*** Data for this task Section Begins ***

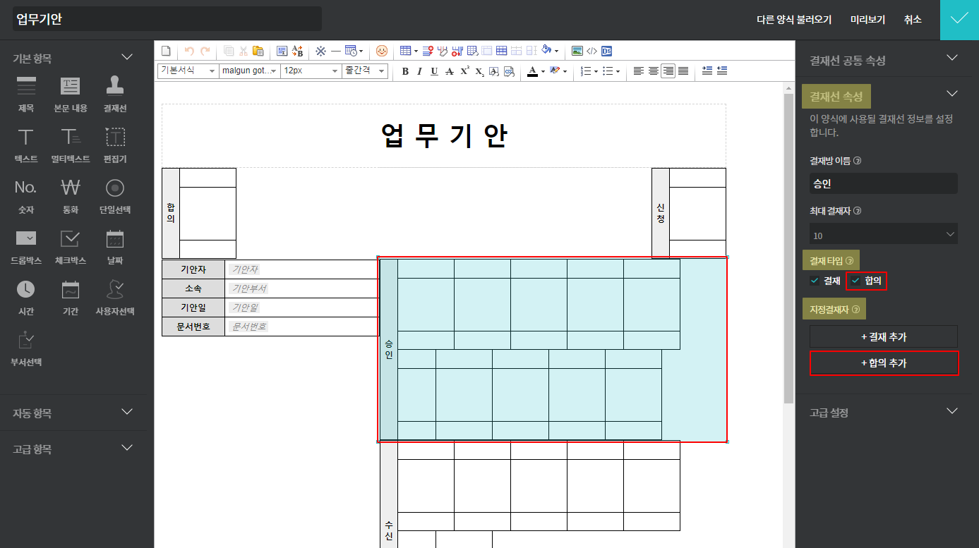 양식 편집기에서 합의자를 지정결재자로 설정할 수 있습니다.
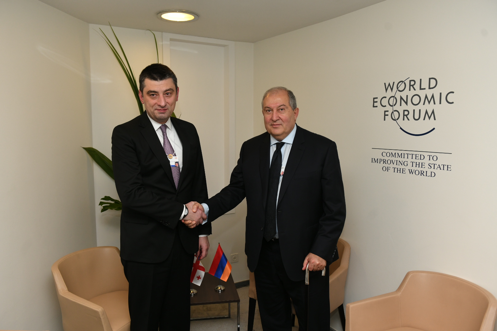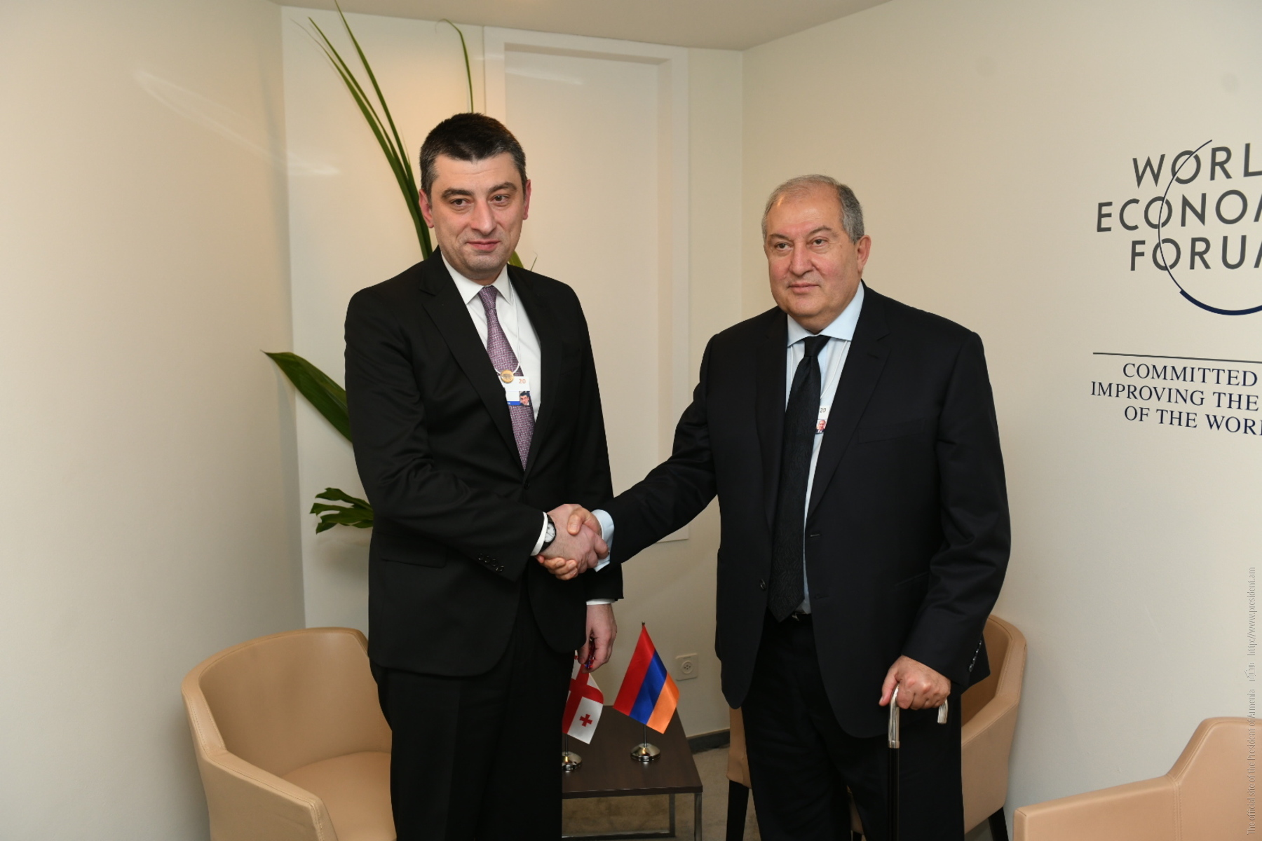 Участвующий в стартовавшем в Давосе Всемирном экономическом форуме Президент Республики Армения Армен Саркисян встретился с Премьер-министром Грузии Георгием Гахарией.
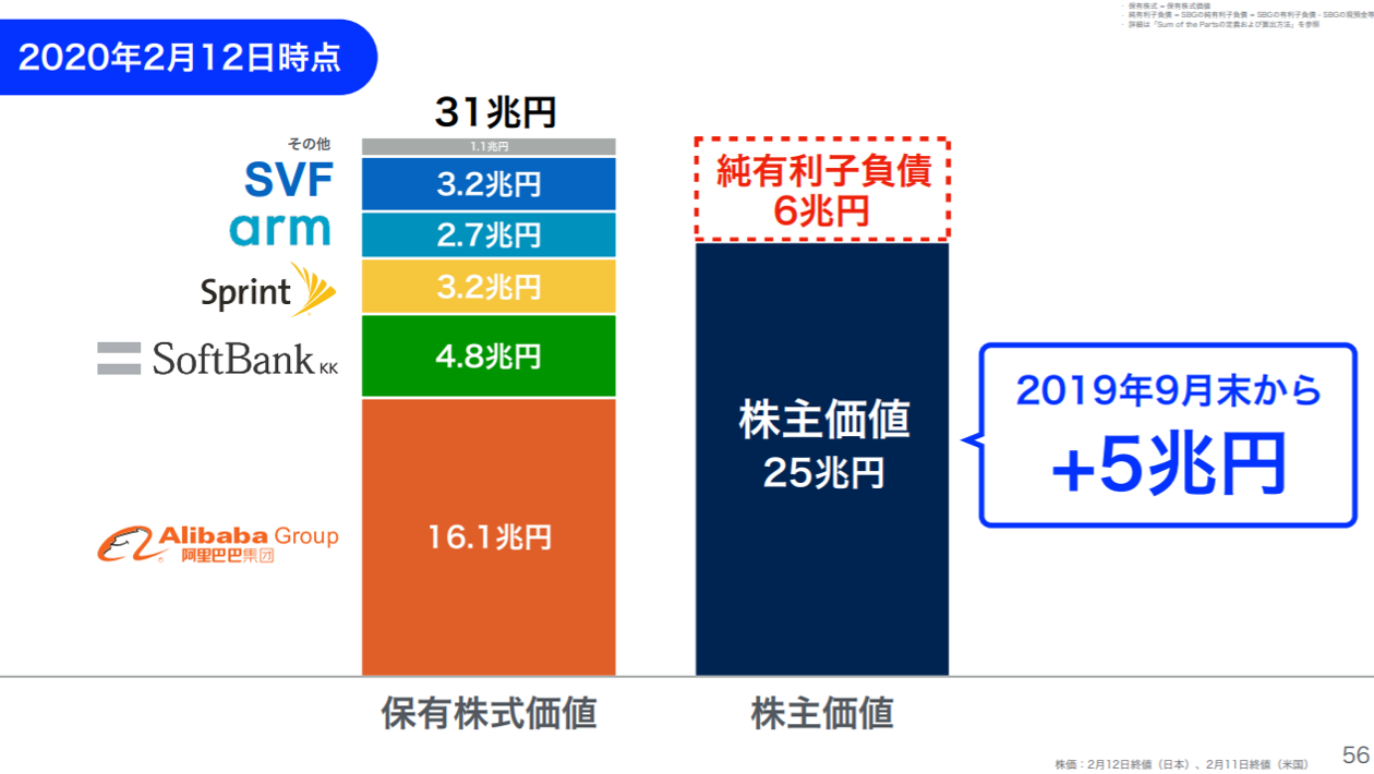 今回も孫社長のメッセージは「会計上の営業利益よりも、株主価値の方が重要である」です。実際のところ、営業利益は▲130億円の赤字でも、ソフトバンクGの株主価値は2019年9月から5兆円増えているのです。確かに理にかなっています。
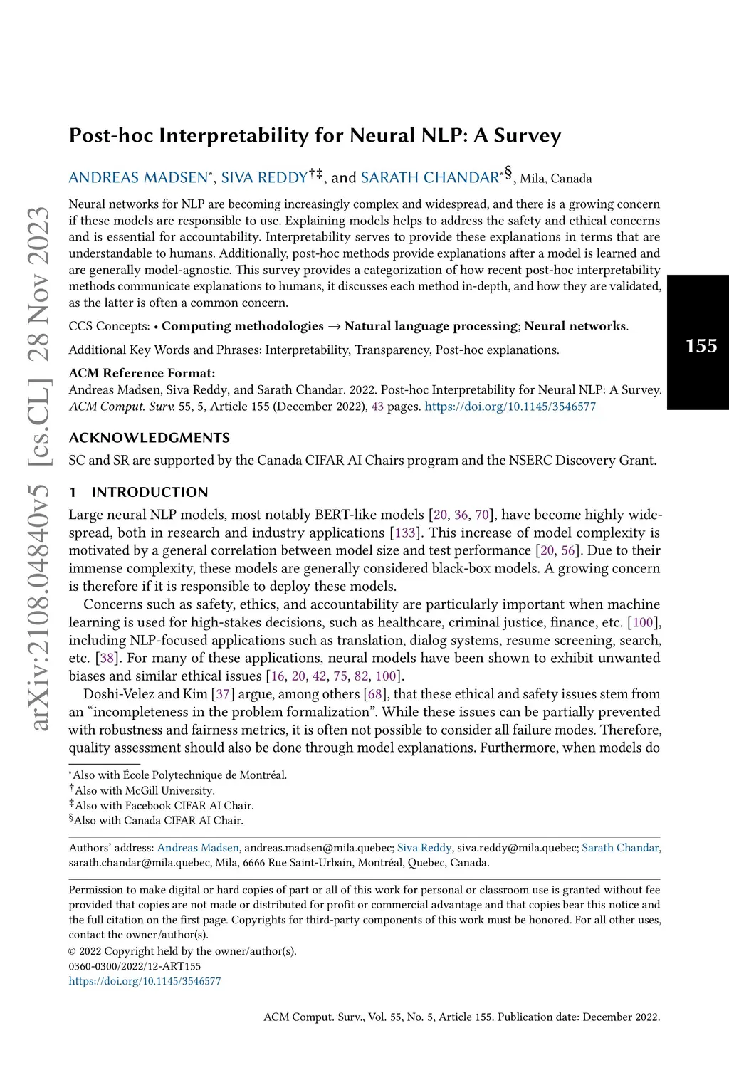 Neural networks for NLP are becoming increasingly complex and widespread, and there is a growing concern if these models are responsible to use. Explaining models helps to address the safety and ethical concerns and is essential for accountability. Interpretability serves to provide these explanations in terms that are understandable to humans. Additionally, post-hoc methods provide explanations after a model is learned and are generally model-agnostic. This survey provides a categorization of how recent post-hoc interpretability methods communicate explanations to humans, it discusses each method in-depth, and how they are validated, as the latter is often a common concern.
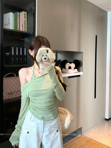 白色斜肩长袖T恤女早秋假两件蕾丝挂脖打底衫内搭短款露肩小上衣
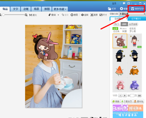 当编纂竣事时,我们点击编纂窗口右上角的保留与分享选项对图片进行保留;
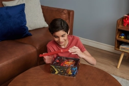 La pratica organizzazione su due piani ospita fino a 6 Bakugan, 2 mazzi di carte e anelli d’attacco. Il coperchio rimovibile si trasforma all’istante in un’arena per sfidarsi ovunque.
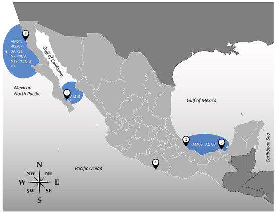 Sampling locations along Mexican coasts.
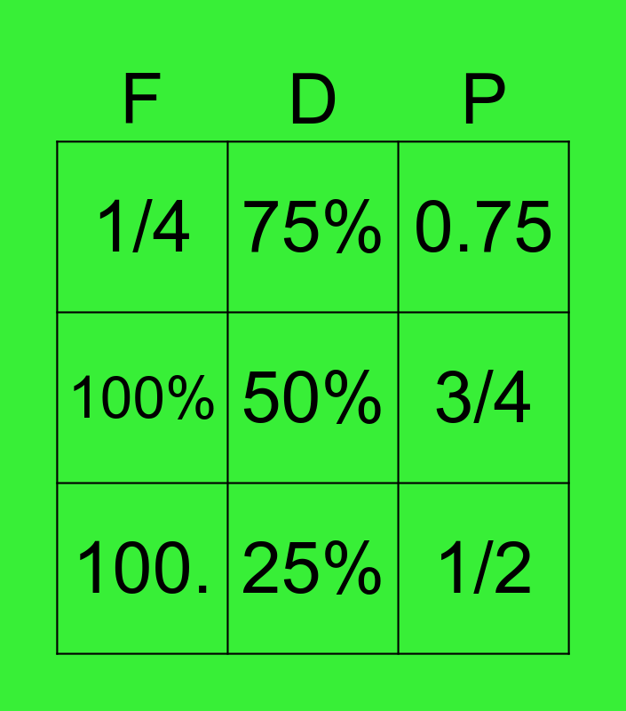 This bingo card has 12 words: 0.5, 1/2, 50%, 3/4, 75%, 0.75, 25%, 0.25, 1/4, 100%, 100. and 100/1.
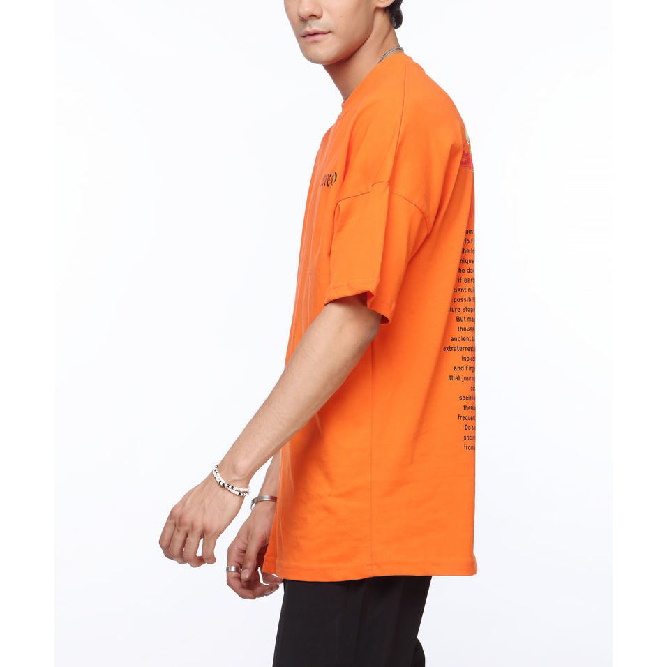 เสื้อยืดคอกลมผู้ชายผ้าคอตตอนไซส์ใหญ่พิเศษ, เสื้อยืดผ้าฝ้าย100% โอเวอร์ไซส์เปิดไหล่ปล่อยแน่นพิมพ์ลายว่างเปล่า
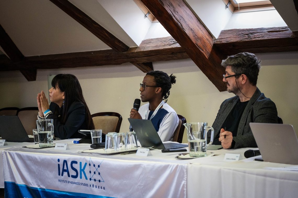 The day began with the panel “Frontiers of Technology: Political, Cultural, and Ethical Dimensions of AI and Robotics.” Chaired by László Karvalics (iASK, Hungary), the session explored the rapidly evolving influence of AI and robotics on politics, security, social systems, and even armed conflicts. Keynote speaker Roland Jakab (Chief Executive Officer, HUN-REN, President of MI Koalicio, Hungary) provided an overview of AI’s transformative potential and the regulatory challenges it poses in contemporary societies. The discussion was further enriched by the insights of David Daou (UNU-EHS, Germany), Zsuzsanna Márka (Columbia University, USA), Levente Szabados (Foundation for Information Society, Hungary), and Attila Tanyi (University of Tromsø, Norway), who critically examined how AI-driven decision-making affects governance structures and ethical considerations surrounding automation and labor markets.
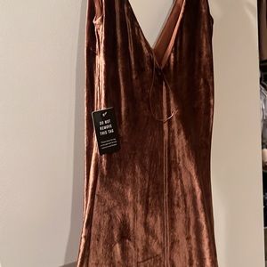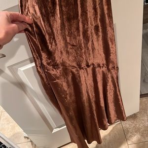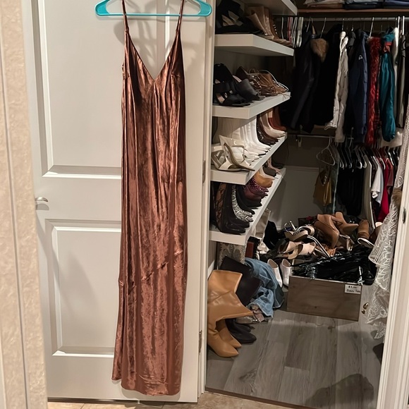 Rust colored velvet maxi dress from express no zippers or closures
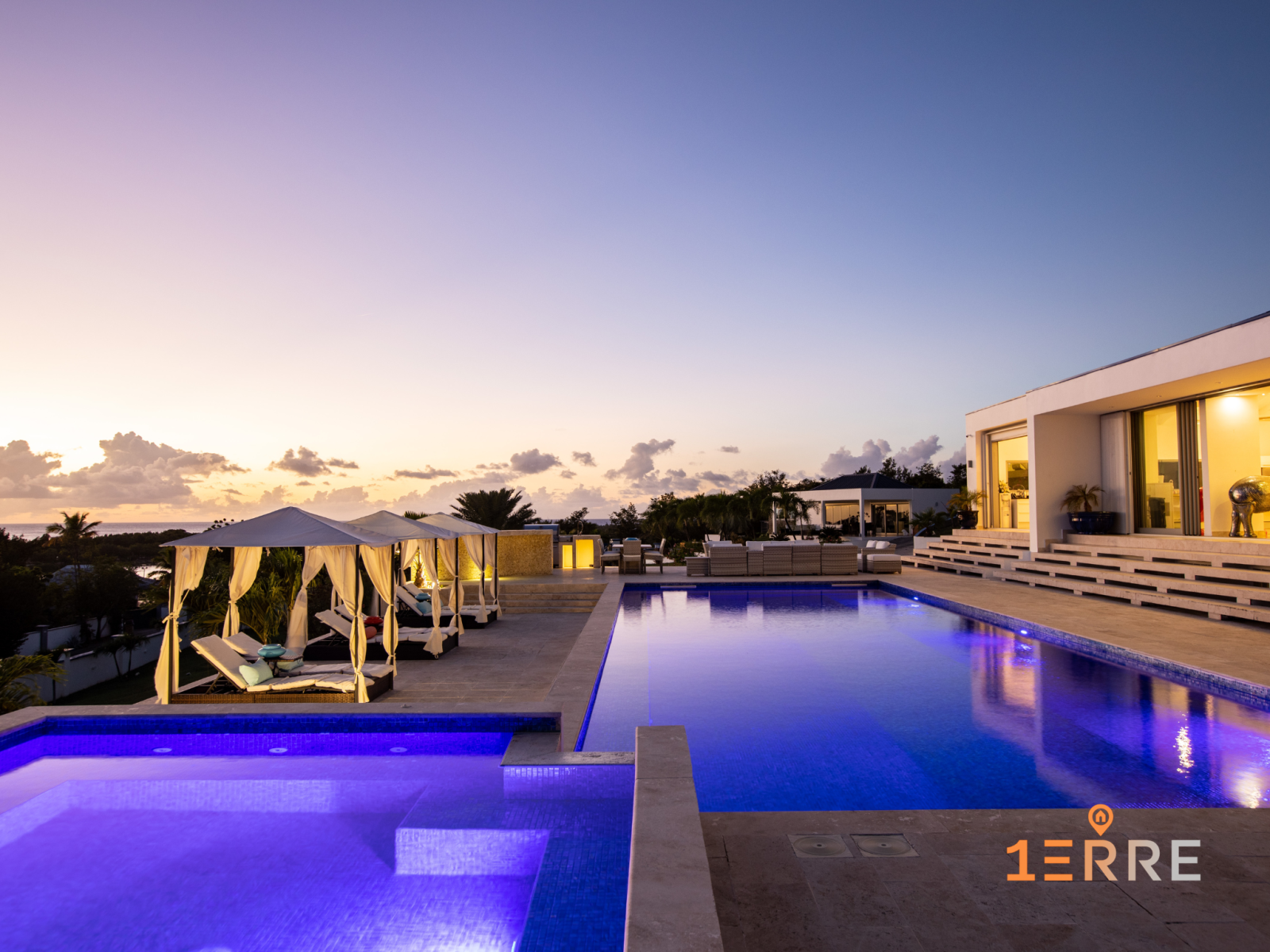 La propriété se compose d’une maison principale avec de vastes espaces de vie ouverts sur une grande terrasse, une piscine à débordement et un jacuzzi face à l’océan. La cuisine haut de gamme, parfaitement équipée, est idéale pour recevoir.
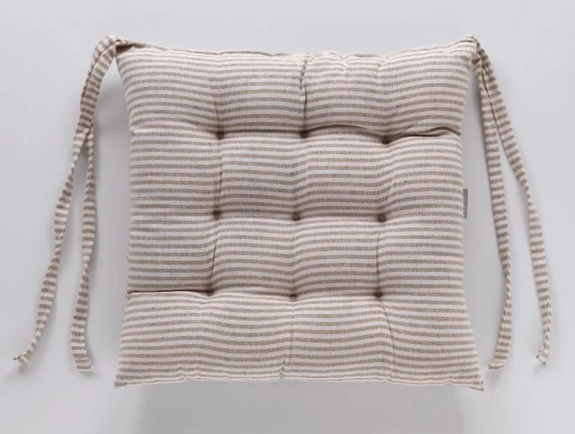 Futons, também conhecidos como assentos de cadeira, são práticas almofadas que vestem cadeiras e bancos e decoram copas, cozinhas e áreas de lazer além de trazer um conforto extra para a casa. Os futons Caiobá apostam no tecido de trama rústica, inspirado no clássico e elegante linho. O fechamento se faz por lacinhos e as peças podem ser higienizadas em máquina. O pesponto acentua o volume do futon e seu caráter decorativo. A cartela de cores brinca com lisos e listrados e provocam belas e inusitadas combinações.

*** Data for this task Section Ends ***

[Brief] Restate the material above exactly. Exclude all pictures.

[Solution to this exercise]
 양식 편집기에서 합의자를 지정결재자로 설정할 수 있습니다.
 Участвующий в стартовавшем в Давосе Всемирном экономическом форуме Президент Республики Армения Армен Саркисян встретился с Премьер-министром Грузии Георгием Гахарией.
 今回も孫社長のメッセージは「会計上の営業利益よりも、株主価値の方が重要である」です。実際のところ、営業利益は▲130億円の赤字でも、ソフトバンクGの株主価値は2019年9月から5兆円増えているのです。確かに理にかなっています。
 Neural networks for NLP are becoming increasingly complex and widespread, and there is a growing concern if these models are responsible to use. Explaining models helps to address the safety and ethical concerns and is essential for accountability. Interpretability serves to provide these explanations in terms that are understandable to humans. Additionally, post-hoc methods provide explanations after a model is learned and are generally model-agnostic. This survey provides a categorization of how recent post-hoc interpretability methods communicate explanations to humans, it discusses each method in-depth, and how they are validated, as the latter is often a common concern.
 白色斜肩长袖T恤女早秋假两件蕾丝挂脖打底衫内搭短款露肩小上衣
 当编纂竣事时,我们点击编纂窗口右上角的保留与分享选项对图片进行保留;
 La pratica organizzazione su due piani ospita fino a 6 Bakugan, 2 mazzi di carte e anelli d’attacco. Il coperchio rimovibile si trasforma all’istante in un’arena per sfidarsi ovunque.
 Sampling locations along Mexican coasts.
 This bingo card has 12 words: 0.5, 1/2, 50%, 3/4, 75%, 0.75, 25%, 0.25, 1/4, 100%, 100. and 100/1.
 เสื้อยืดคอกลมผู้ชายผ้าคอตตอนไซส์ใหญ่พิเศษ, เสื้อยืดผ้าฝ้าย100% โอเวอร์ไซส์เปิดไหล่ปล่อยแน่นพิมพ์ลายว่างเปล่า
 The day began with the panel “Frontiers of Technology: Political, Cultural, and Ethical Dimensions of AI and Robotics.” Chaired by László Karvalics (iASK, Hungary), the session explored the rapidly evolving influence of AI and robotics on politics, security, social systems, and even armed conflicts. Keynote speaker Roland Jakab (Chief Executive Officer, HUN-REN, President of MI Koalicio, Hungary) provided an overview of AI’s transformative potential and the regulatory challenges it poses in contemporary societies. The discussion was further enriched by the insights of David Daou (UNU-EHS, Germany), Zsuzsanna Márka (Columbia University, USA), Levente Szabados (Foundation for Information Society, Hungary), and Attila Tanyi (University of Tromsø, Norway), who critically examined how AI-driven decision-making affects governance structures and ethical considerations surrounding automation and labor markets.
 Rust colored velvet maxi dress from express no zippers or closures
 La propriété se compose d’une maison principale avec de vastes espaces de vie ouverts sur une grande terrasse, une piscine à débordement et un jacuzzi face à l’océan. La cuisine haut de gamme, parfaitement équipée, est idéale pour recevoir.
 Futons, também conhecidos como assentos de cadeira, são práticas almofadas que vestem cadeiras e bancos e decoram copas, cozinhas e áreas de lazer além de trazer um conforto extra para a casa. Os futons Caiobá apostam no tecido de trama rústica, inspirado no clássico e elegante linho. O fechamento se faz por lacinhos e as peças podem ser higienizadas em máquina. O pesponto acentua o volume do futon e seu caráter decorativo. A cartela de cores brinca com lisos e listrados e provocam belas e inusitadas combinações.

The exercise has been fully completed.